» Dataset excerpt:
------------------------

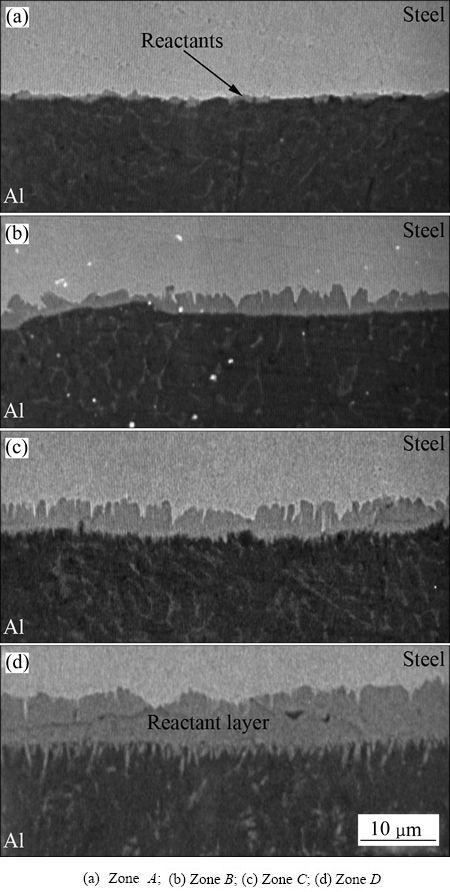 在形貌上,反应层和低碳钢间的界面凹凸起伏很大,表现为参差不齐。低碳钢一侧反应物像舌状,指向低碳钢侧(见图2(b)和(c))。随至焊点中心距离的减少,这些舌状反应物块逐渐增大,并且相邻舌状反应物块间的间隙也逐渐减小。在焊点中心处,相邻的舌状反应物块彼此接近,整个反应层如图2(d)所示变为带状层。
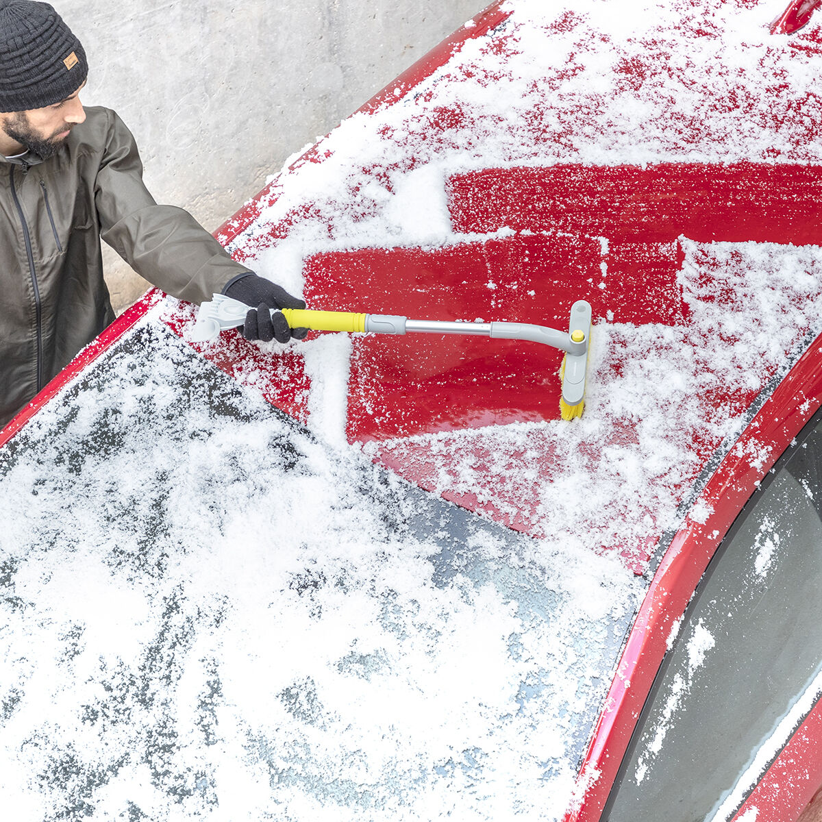 its bristles won’t damage surfaces. The flat ice scraper is ideal for
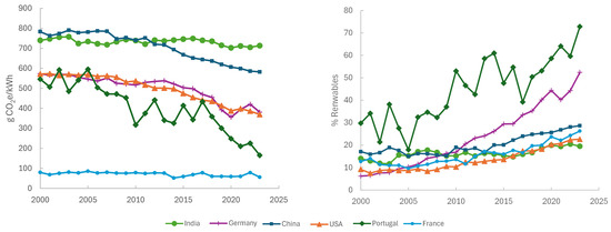 - “Data Page: Carbon Intensity of Electricity Generation”, Part of the Following Publication: Hannah Ritchie, Pablo Rosado, and Max Roser (2023)-“Energy”. Data Adapted from Ember, Energy Institute. Available online: https://ourworldindata.org/grapher/carbon-intensity-electricity (accessed on 25 May 2025).
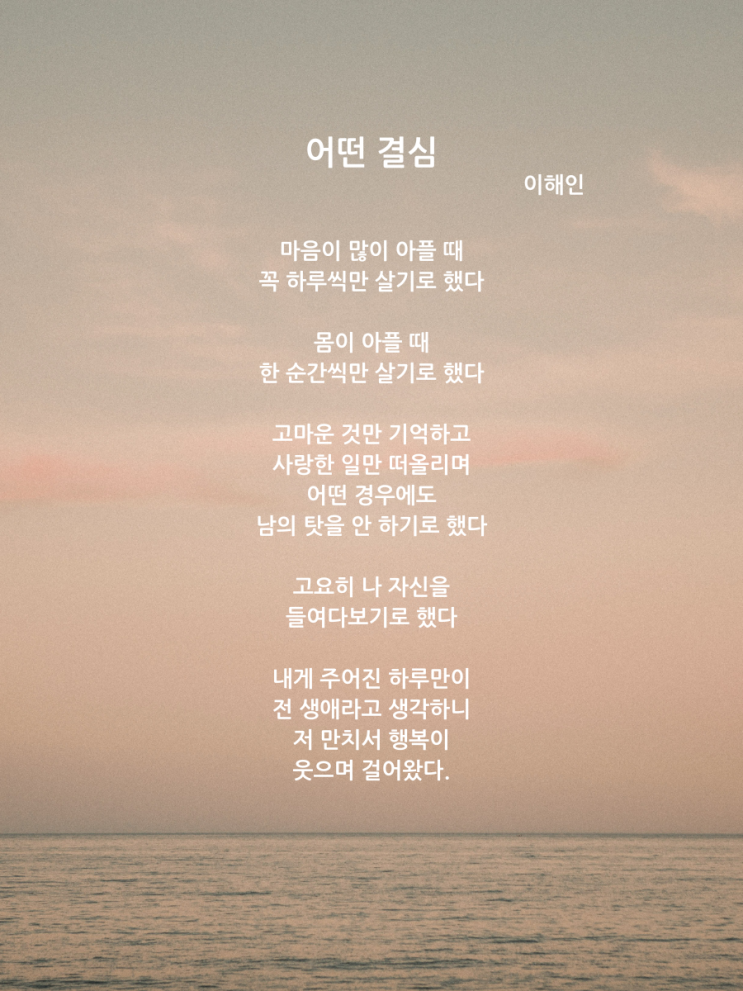 <어떤 결심>- 이해인/ 힘들 때/ 좌절했을 때/ 죽고 싶을 때 읽는 시

------------------------

» Try it:
Leave out the pictures; repeat the data exactly.

» Exercise solution:
 在形貌上,反应层和低碳钢间的界面凹凸起伏很大,表现为参差不齐。低碳钢一侧反应物像舌状,指向低碳钢侧(见图2(b)和(c))。随至焊点中心距离的减少,这些舌状反应物块逐渐增大,并且相邻舌状反应物块间的间隙也逐渐减小。在焊点中心处,相邻的舌状反应物块彼此接近,整个反应层如图2(d)所示变为带状层。
 its bristles won’t damage surfaces. The flat ice scraper is ideal for
 - “Data Page: Carbon Intensity of Electricity Generation”, Part of the Following Publication: Hannah Ritchie, Pablo Rosado, and Max Roser (2023)-“Energy”. Data Adapted from Ember, Energy Institute. Available online: https://ourworldindata.org/grapher/carbon-intensity-electricity (accessed on 25 May 2025).
 <어떤 결심>- 이해인/ 힘들 때/ 좌절했을 때/ 죽고 싶을 때 읽는 시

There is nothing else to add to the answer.